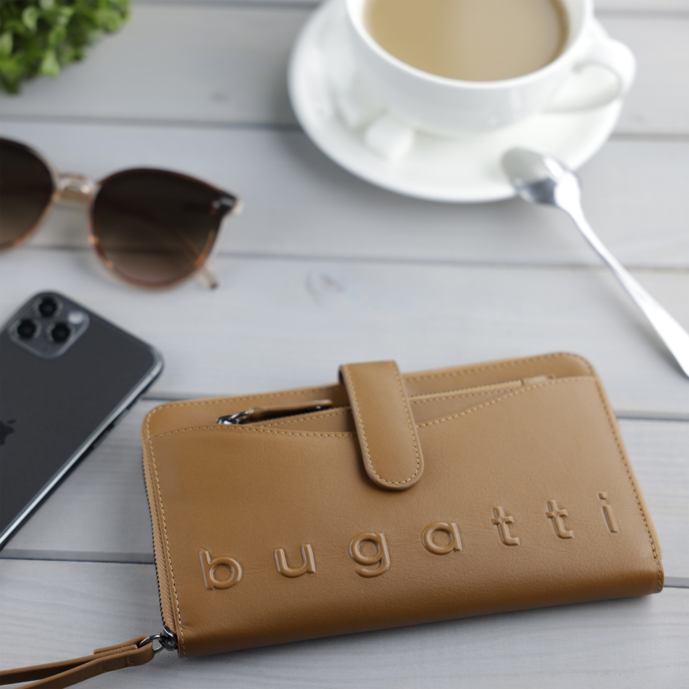 Кошелёк женский BUGATTI Daphne с ключницей, коньячный цвет, воловья кожа/полиэстер, 19х3х11 см можно заказать в нашей компании по самой доступной цене от 9 720 рублей.
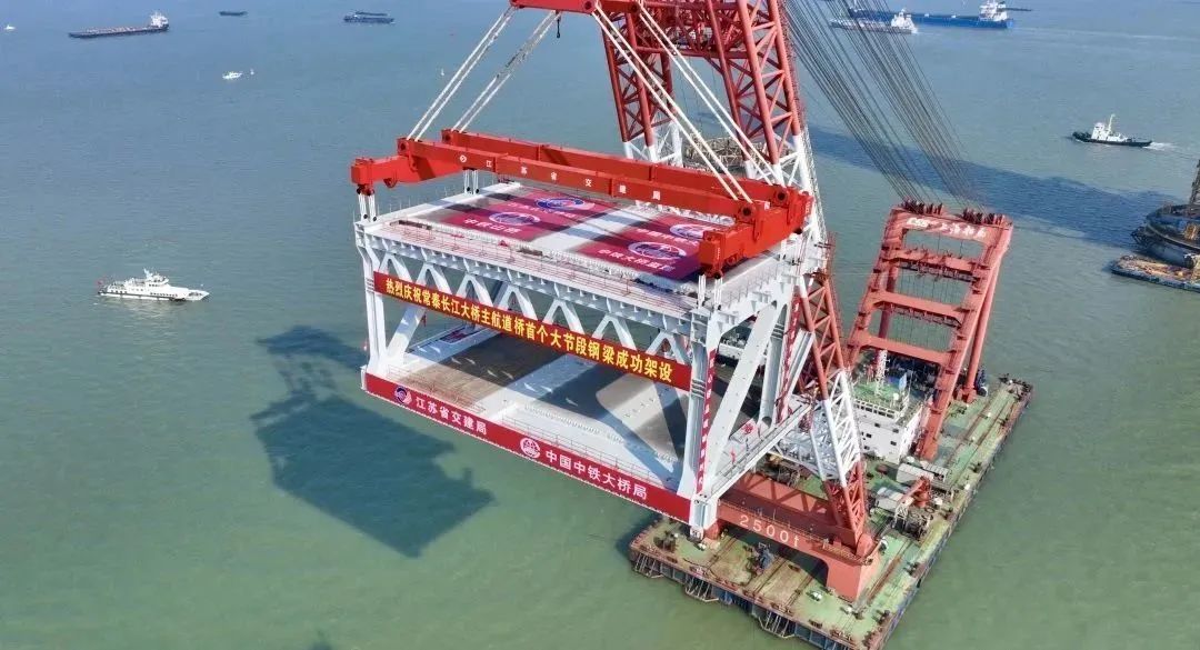 常泰長江大橋是世界上首座集高速公路、城際鐵路、一級公路為一體的過江通道,其主航道為主跨1176米的斜拉橋,跨度位居世界首位,具備“四個國際首創(chuàng)”和 “六個橋梁之最”。建成后對促進長三角區(qū)域更高質量一體化發(fā)展,加快揚子江城市群建設具有重要意義。
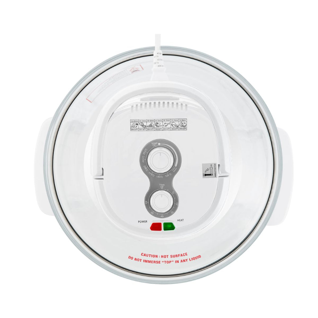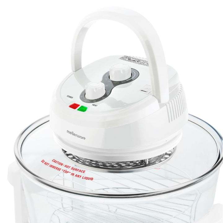 Mellerware Turbo Cook Air Fryer has a powerful heating element with an incorporated fan inside the glass lid which combined with its large 12L glass body, allows you to cook faster and more evenly than most convectional ovens and deep fryers.
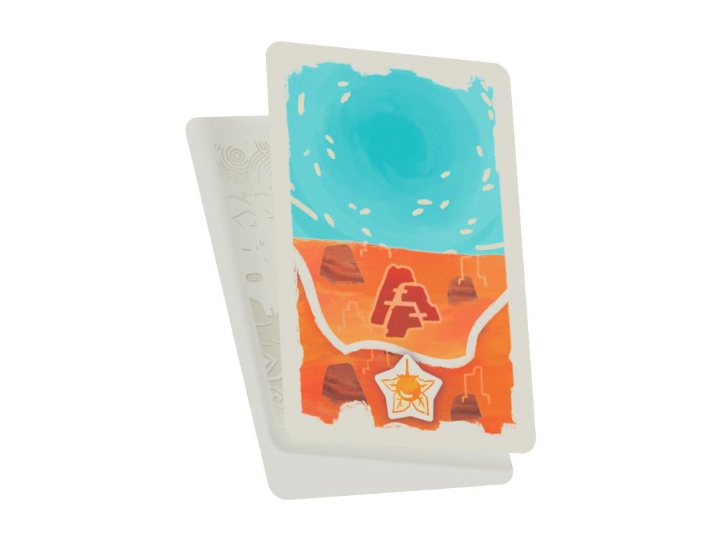 The entire system is based on landscape cards, which you use to pay for your route. When crossing an opponent's camp, you must hand over the used card to them, which creates subtle but frequent situations that change the rhythm of the game. The cards you place under your board also develop your tribe — they provide new landscapes and additional resources. The way you cross water adds another layer to the game, as you can cross an entire water zone with a single card and gain a crucial advantage.
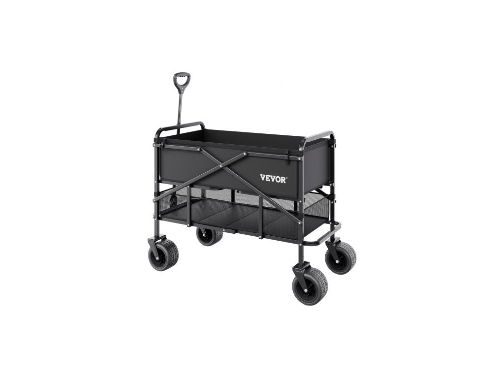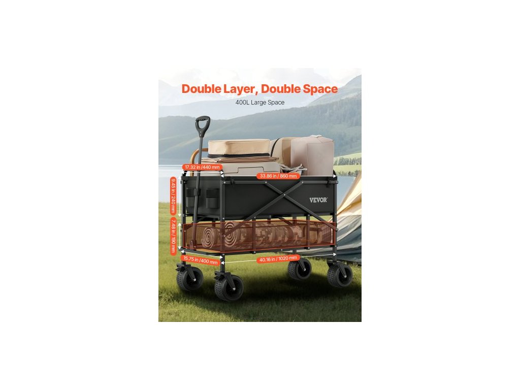 Skládací dvoupatrový zahradní vozík , 400l, těžký skládací vozík, prodloužený dlouhý zahradní vozík s terénními koly, nosnost až 200 kg, venkovní užitkový vozík pro kempování, sport a nakupování
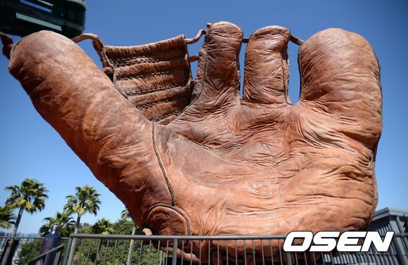 25일(한국시간) 미국 캘리포니아주 샌프란시스코에서 열린 2013 메이저리그 샌프란시스코 자이언츠와 신시내티 레즈의 경기, 샌프란시스코의 홈구장인 AT&T 파크의 외야석 뒤쪽에 대형 글러브 구조물이 세워져 있다.
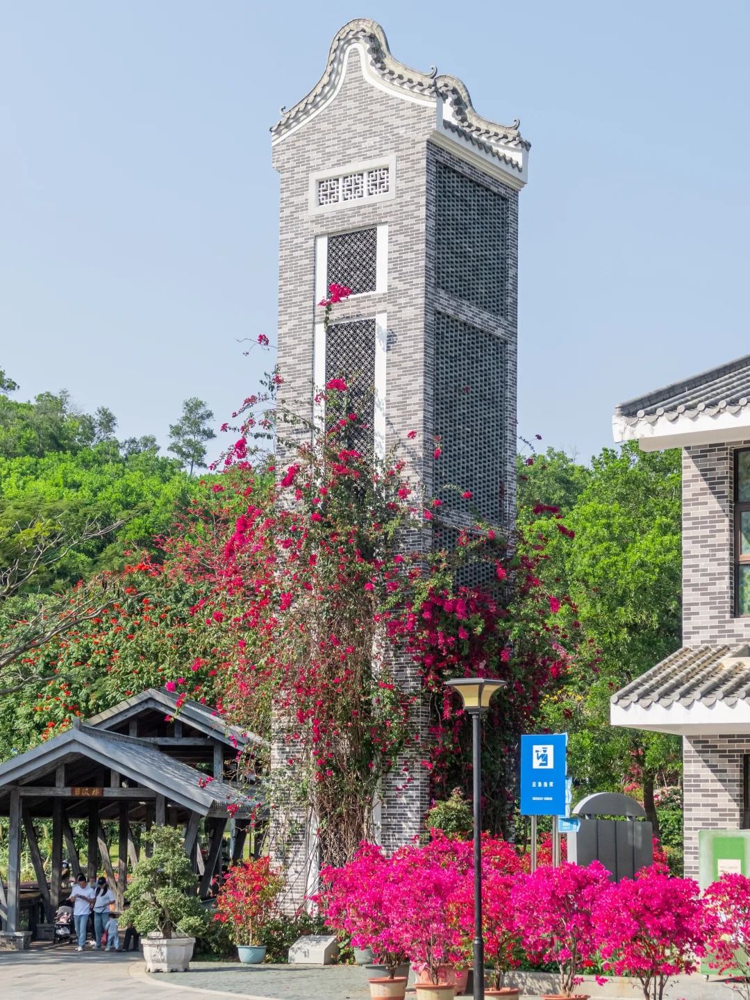 3️⃣濕地島嶼|小溪兩旁全是簕杜鵑,還有碧波橋、嶺南風碉樓、石階等,影出更有層感。
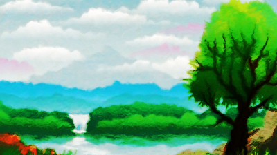 Landscape image with additional filters to add a painted appearance over a grainy paper. Current thumbnail image may look off as it is using an outdated rendering method. Try a current version of inkscape if you are in need of a rasterized version.
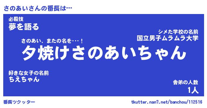 | 欧米人風あだ名 | 『マイケルさのあい』『ウサインさのあい』 |
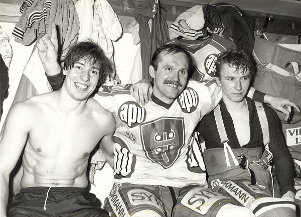 Hannu ”Häpä” Oksanen oli voittanut Suomen mestaruudet kaikissa juniori-ikäluokissa mutta miesten SM-liigan mestaruus oli osannut kiertää miestä pitkään – kunnes hän tajusi 1980-luvun puolivälissä hankkiutua pelaamaan Tapparaan. Mestaruusketjun puuttuva osa täydennettiin jo ensimmäisen kirvesrintakauden päätteeksi keväällä 1986. Tässä Häpä juhlii puuttuneen linkin löytymistä kainaloissaan paidaton Pauke Järvinen ja henskelimies Tomppa Pohja.
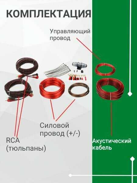 | Комплектация | силовой кабель КСнетМТ8 красный: 5 м сечением 8 GA (8,36 мм²); силовой кабель КСнетМТ8 черный: 1 м сечением 8 GA (8,36 мм²); акустический кабель КАнетМТ16 10 м сечением 16GA (2х1,32 мм²); межблочный 2RCAнет2RCA кабель КМ 2RCAнетМТ5М: 2 комплекта длиной 5 м (прямыеестьугловые RCAнетразъемы); 1 держатель с компрессионными зажимами с предохранителем типа MiniANL на 40А; управляющий кабель сечением 18GA (0,82 мм²): 5 м; 2 клеммы кольцевых для силового кабеля сечением 8 GA (8,36 мм²); 2 клеммы Uнетобразных для силового кабеля сечением 8 GA (8,36 мм²); 5 клемм Uнетобразных для акустического кабеля сечением 16GA (2х1,32 мм²); 1 защитная резиновая втулка для протяжки силового кабеля в салон автомобиля; 1 изоляционный наконечник для управляющего кабеля; 2 винта черных; 10 хомутов зажимных |
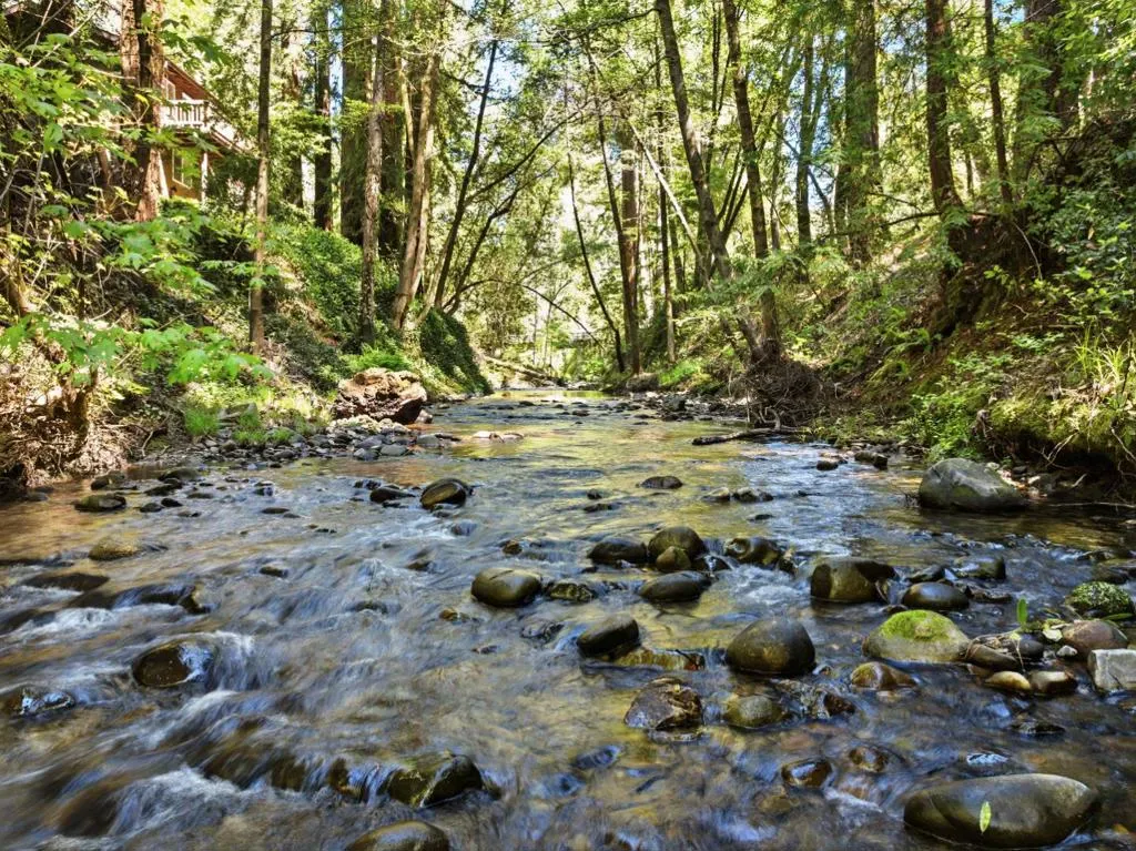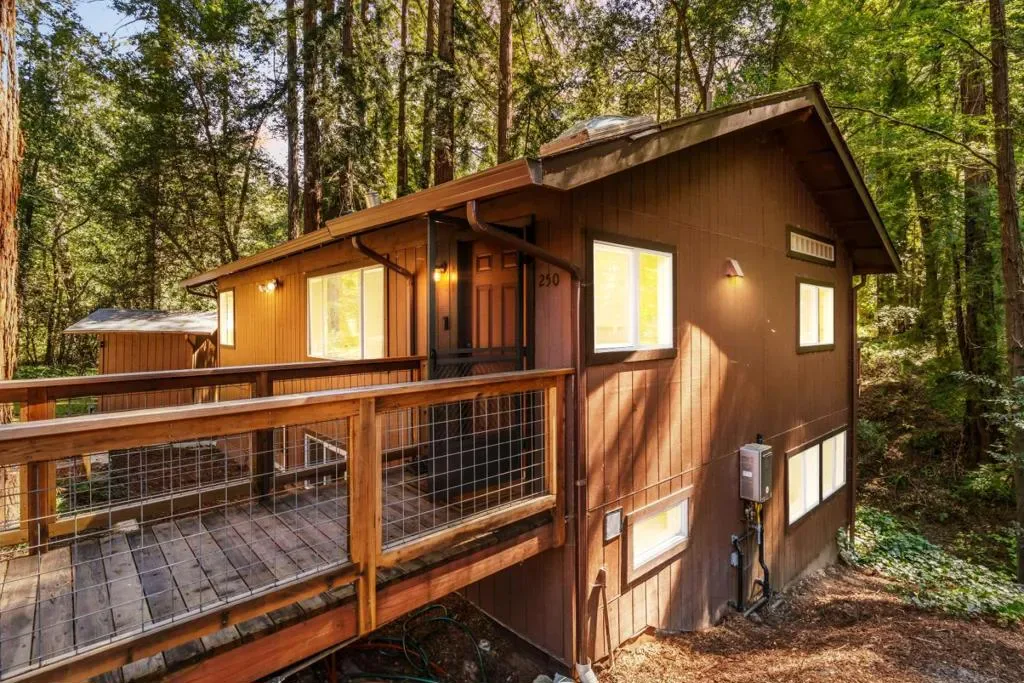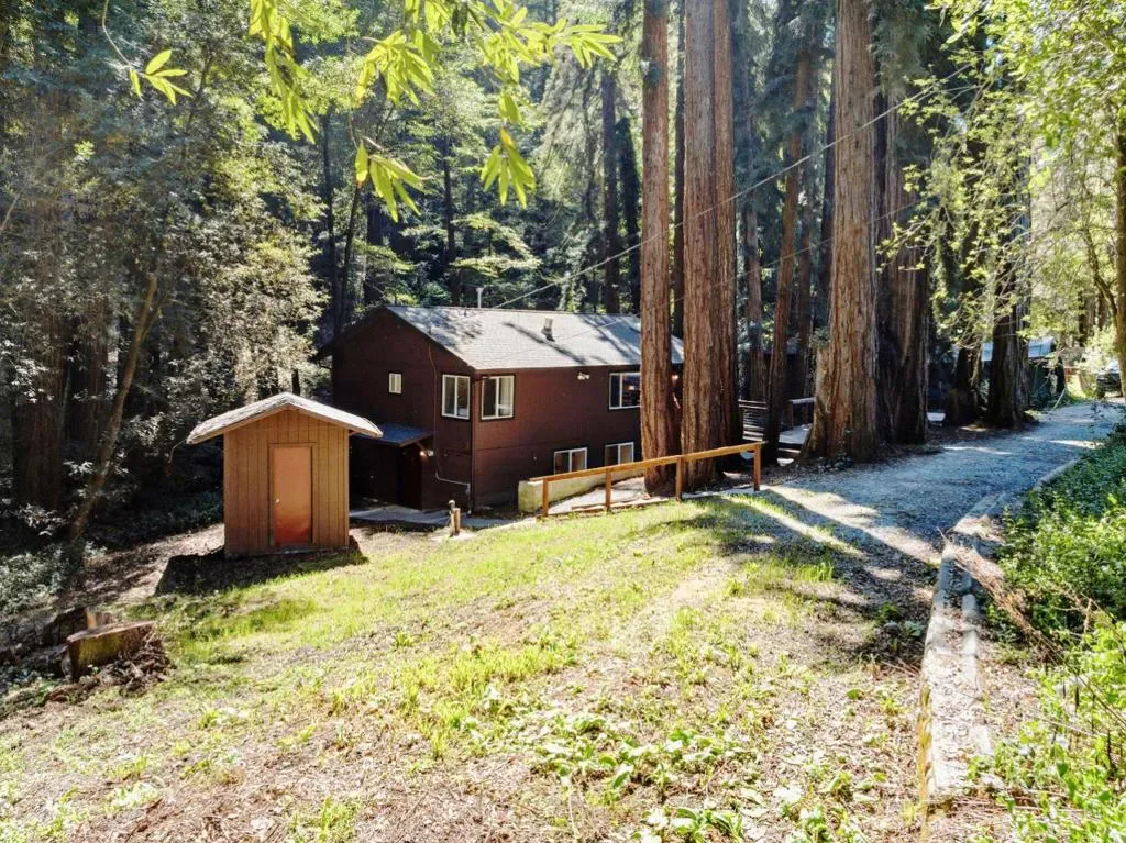Tucked among the redwoods along a wide, year-round creek, this property offers a rare combination of privacy, flat usable land, and flexible living space on approximately 1/3 acre. With no homes across the creek, the setting feels like your own private sanctuary. Vaulted ceilings and skylights fill the home with natural light, creating a bright & inviting living space that feels larger than the square footage suggests. The open living, dining and kitchen area flows out to a sunny deck overlooking the trees and creek below, creating a seamless indoor-outdoor connection. Recent improvements include a remodeled bathroom, updated appliances, and new washer and dryer. The lower level features a private entrance and adds valuable bonus space with two large rooms, a laundry area with potential kitchenette, and an unfinished bathroom ready for your custom bath, offering great potential for separate living space. The property also includes a detached garage/workshop and a separate storage shed, providing excellent space for projects, storage, or outdoor gear. Conveniently located just minutes to town, great commute location to Santa Cruz or Silicon Valley while still enjoying the peace and beauty of the redwoods. Bonus: Septic inspection passed. Home & Pest reports are already completed.

◆ Problem description: Looking above, find the stretch of lines that opens with the one holding "常泰長江大橋是世界上首座集高" and closes with the one holding "The entire system". Copy it exactly, pictures excluded.

◆ Output of the exercise:
 常泰長江大橋是世界上首座集高速公路、城際鐵路、一級公路為一體的過江通道,其主航道為主跨1176米的斜拉橋,跨度位居世界首位,具備“四個國際首創(chuàng)”和 “六個橋梁之最”。建成后對促進長三角區(qū)域更高質量一體化發(fā)展,加快揚子江城市群建設具有重要意義。
 Mellerware Turbo Cook Air Fryer has a powerful heating element with an incorporated fan inside the glass lid which combined with its large 12L glass body, allows you to cook faster and more evenly than most convectional ovens and deep fryers.
 The entire system is based on landscape cards, which you use to pay for your route. When crossing an opponent's camp, you must hand over the used card to them, which creates subtle but frequent situations that change the rhythm of the game. The cards you place under your board also develop your tribe — they provide new landscapes and additional resources. The way you cross water adds another layer to the game, as you can cross an entire water zone with a single card and gain a crucial advantage.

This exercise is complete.